● **TASK REQUIREMENTS**: Could you please reproduce every record below exactly, leaving out the pictures?

● **DATA LISTING**:
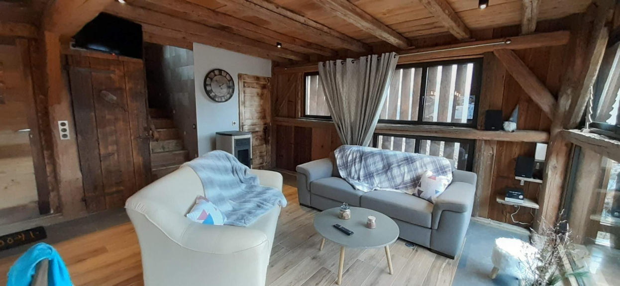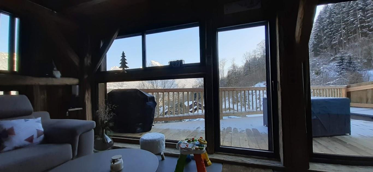 Die großen Erkerfenster im Wohnzimmer ermöglichen einen Blick auf das Giffre-Tal und geben Ihnen Zugang zur Terrasse.
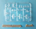 Las dos cubiertas de las carlingas se distribuyen en cinco piezas más un brazo de apertura aparte en la delantera. Aunque las piezas no son demasiado finas, me parecen aceptables por su transparencia y el detalle grabado en ellas.
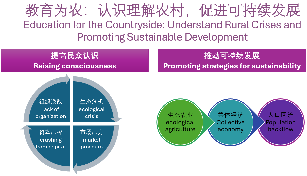 随后,王丹教授从教育公平问题的定义和表现形式切入农村教育的议题,回顾了城乡教育在经费、师资、家庭背景、学校、学生流动/留守情况、学业成绩等方面的差距,指出了“城镇化”策略在应对城乡教育分配性不均衡时存在的不足与缺陷。王丹教授进一步指出,农村教育的改变需要的不只是升学机会的均等,更需要的能够改善农民生活、建设农村社区、提高农业生产的知识与能力。为此,王丹教授从产业结构、农产品贸易、农村可持续发展的角度对农村面临的问题和挑战进行了深入解读,将农村危机总结为“组织涣散”、“生态危机”、“资本压榨”和“市场压力”,并指出农村教育的出路必须与“生态农业”、“集体经济”和“人口回流”的探索结合起来。
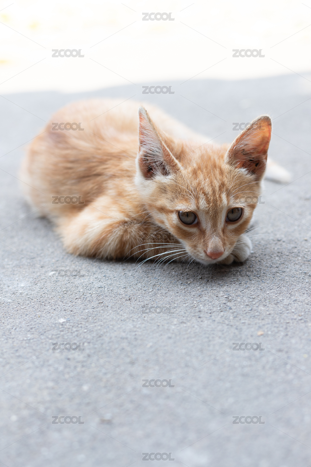 一只趴在台阶上休息的小猫
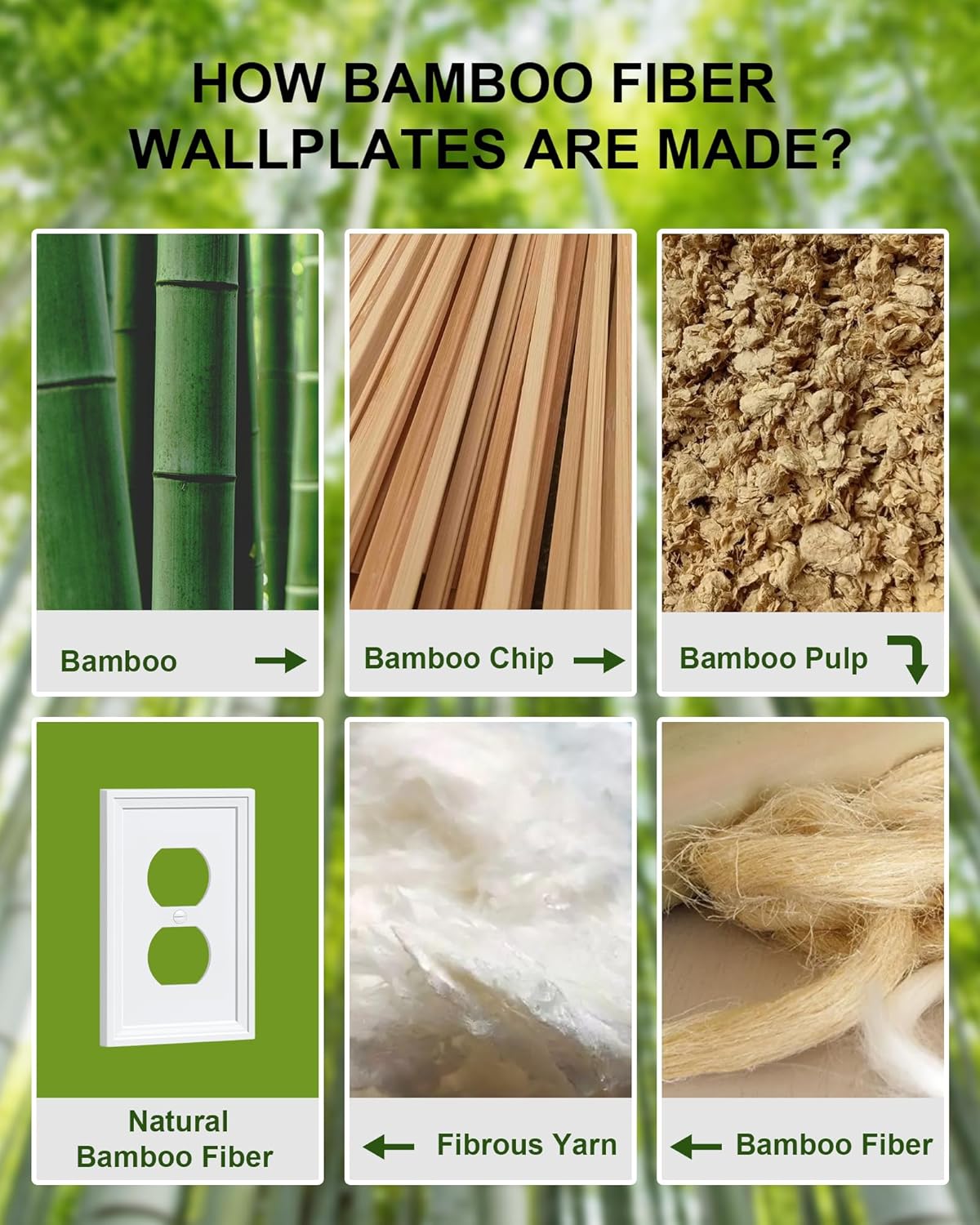 6-Pack Duplex Outlet Cover, Natural Bamboo Fiber Switch Plates and Outlet Covers, White Decorative Wall Plates for Electrical Outlets, 1 Gang Receptacle Cover, Corrosion Resistant
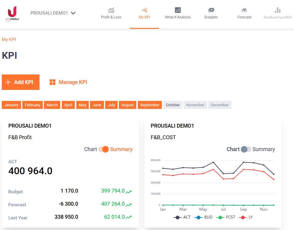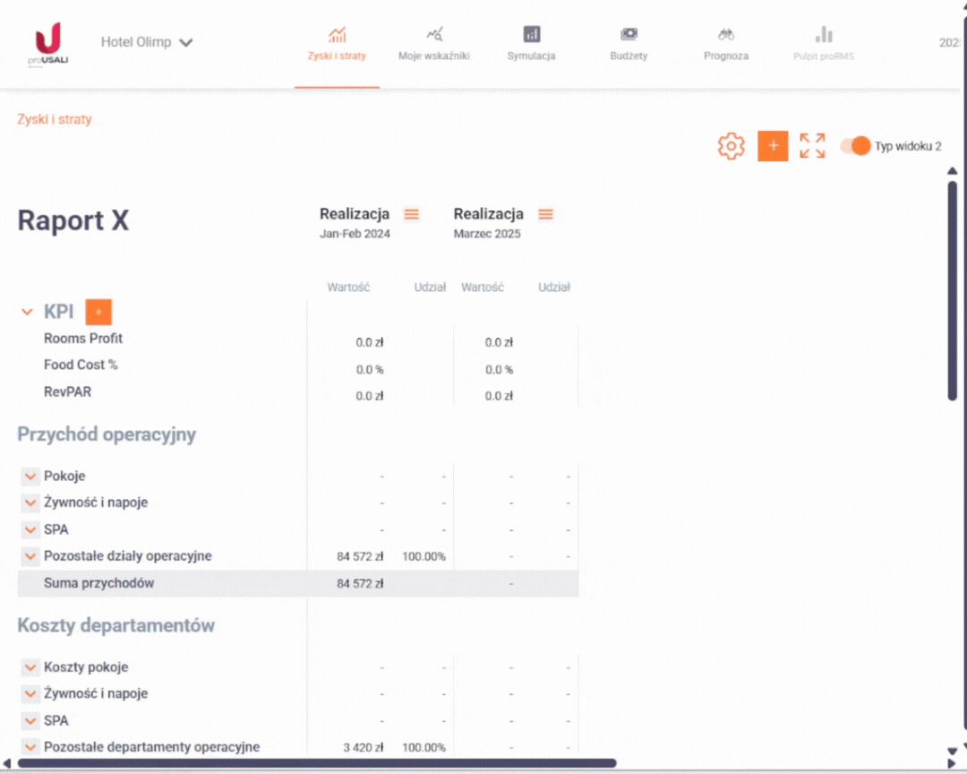 Możliwość korzystania z gotowych KPI lub tworzenia własnych, szczegółowe wskaźniki np. przychód na m², nadgodziny, koszty chemii w dziale pokojów
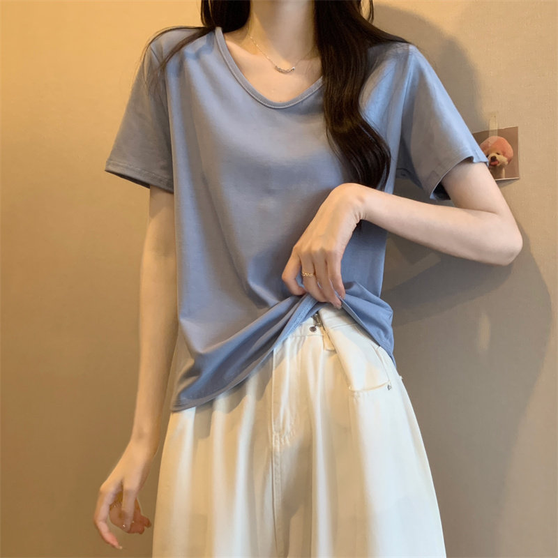 Летняя белая сексуальная базовая приятная телу футболка, V-образный вырез, короткий рукав, французский стиль
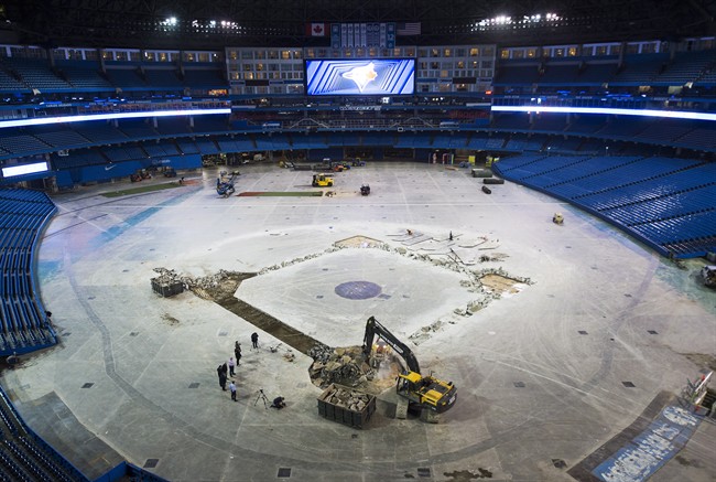 Work began on the stadium’s new all-dirt infield on Wednesday with drills and an excavator breaking up the concrete floor of the Toronto Blue Jays’ home. It’s the first step in a months-long process that will see Rogers Centre shift its focus into a baseball-first facility.
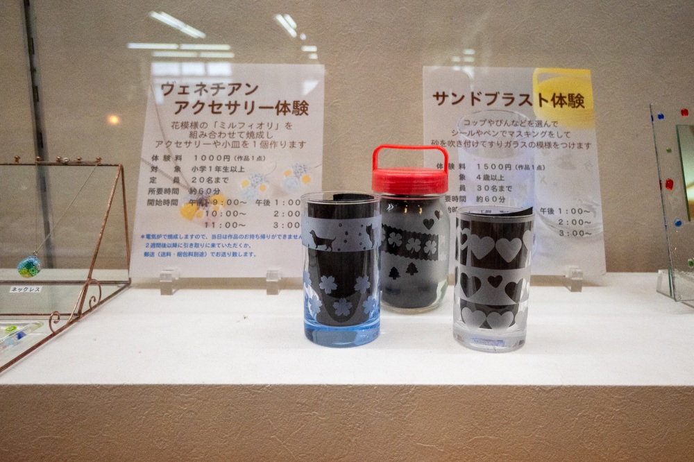 さて、こちらでは色々なコースが選択可能です。長男は「吹きガラス体験」、二男は「ヴェネチアンアクセサリー体験」、三男は「サンドブラスト体験」を選択。
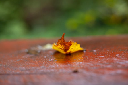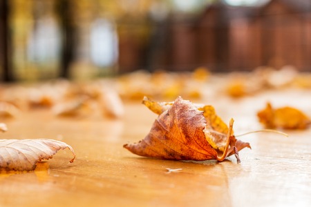 autumn leaves after rain on the table
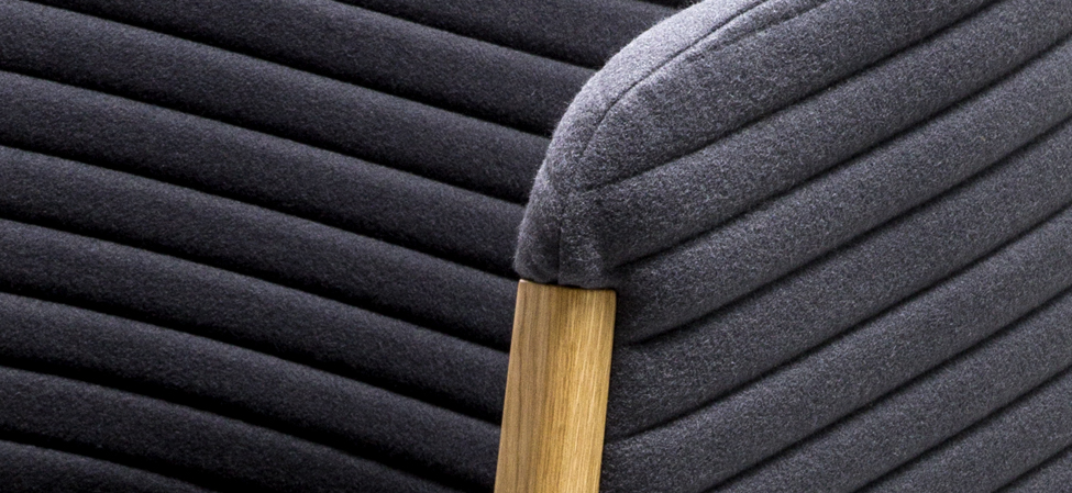 Espanso schiumato a freddo ignifugo con struttura interna in acciaio. Basamento in rovere. Mafalda non è sfoderabile. Disponibili due versioni di rivestimento:
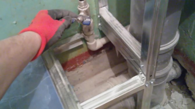 ห้องน้ำใช้ drywall สีเขียวทนความชื้น โครงติดตั้งจากโปรไฟล์โลหะพิเศษซึ่งขันสกรูบอร์ดยิปซั่ม จากนั้นพื้นผิวจะเสร็จสิ้นโดยการฉาบปูนตามด้วยการทาสีหรือกระเบื้องติดกาว ท่อแนวตั้งและแนวนอนสามารถเย็บได้ด้วยวิธีนี้

● **YOUR RESPONSE**:
 Die großen Erkerfenster im Wohnzimmer ermöglichen einen Blick auf das Giffre-Tal und geben Ihnen Zugang zur Terrasse.
 Las dos cubiertas de las carlingas se distribuyen en cinco piezas más un brazo de apertura aparte en la delantera. Aunque las piezas no son demasiado finas, me parecen aceptables por su transparencia y el detalle grabado en ellas.
 随后,王丹教授从教育公平问题的定义和表现形式切入农村教育的议题,回顾了城乡教育在经费、师资、家庭背景、学校、学生流动/留守情况、学业成绩等方面的差距,指出了“城镇化”策略在应对城乡教育分配性不均衡时存在的不足与缺陷。王丹教授进一步指出,农村教育的改变需要的不只是升学机会的均等,更需要的能够改善农民生活、建设农村社区、提高农业生产的知识与能力。为此,王丹教授从产业结构、农产品贸易、农村可持续发展的角度对农村面临的问题和挑战进行了深入解读,将农村危机总结为“组织涣散”、“生态危机”、“资本压榨”和“市场压力”,并指出农村教育的出路必须与“生态农业”、“集体经济”和“人口回流”的探索结合起来。
 一只趴在台阶上休息的小猫
 6-Pack Duplex Outlet Cover, Natural Bamboo Fiber Switch Plates and Outlet Covers, White Decorative Wall Plates for Electrical Outlets, 1 Gang Receptacle Cover, Corrosion Resistant
 Możliwość korzystania z gotowych KPI lub tworzenia własnych, szczegółowe wskaźniki np. przychód na m², nadgodziny, koszty chemii w dziale pokojów
 Летняя белая сексуальная базовая приятная телу футболка, V-образный вырез, короткий рукав, французский стиль
 Work began on the stadium’s new all-dirt infield on Wednesday with drills and an excavator breaking up the concrete floor of the Toronto Blue Jays’ home. It’s the first step in a months-long process that will see Rogers Centre shift its focus into a baseball-first facility.
 さて、こちらでは色々なコースが選択可能です。長男は「吹きガラス体験」、二男は「ヴェネチアンアクセサリー体験」、三男は「サンドブラスト体験」を選択。
 autumn leaves after rain on the table
 Espanso schiumato a freddo ignifugo con struttura interna in acciaio. Basamento in rovere. Mafalda non è sfoderabile. Disponibili due versioni di rivestimento:
 ห้องน้ำใช้ drywall สีเขียวทนความชื้น โครงติดตั้งจากโปรไฟล์โลหะพิเศษซึ่งขันสกรูบอร์ดยิปซั่ม จากนั้นพื้นผิวจะเสร็จสิ้นโดยการฉาบปูนตามด้วยการทาสีหรือกระเบื้องติดกาว ท่อแนวตั้งและแนวนอนสามารถเย็บได้ด้วยวิธีนี้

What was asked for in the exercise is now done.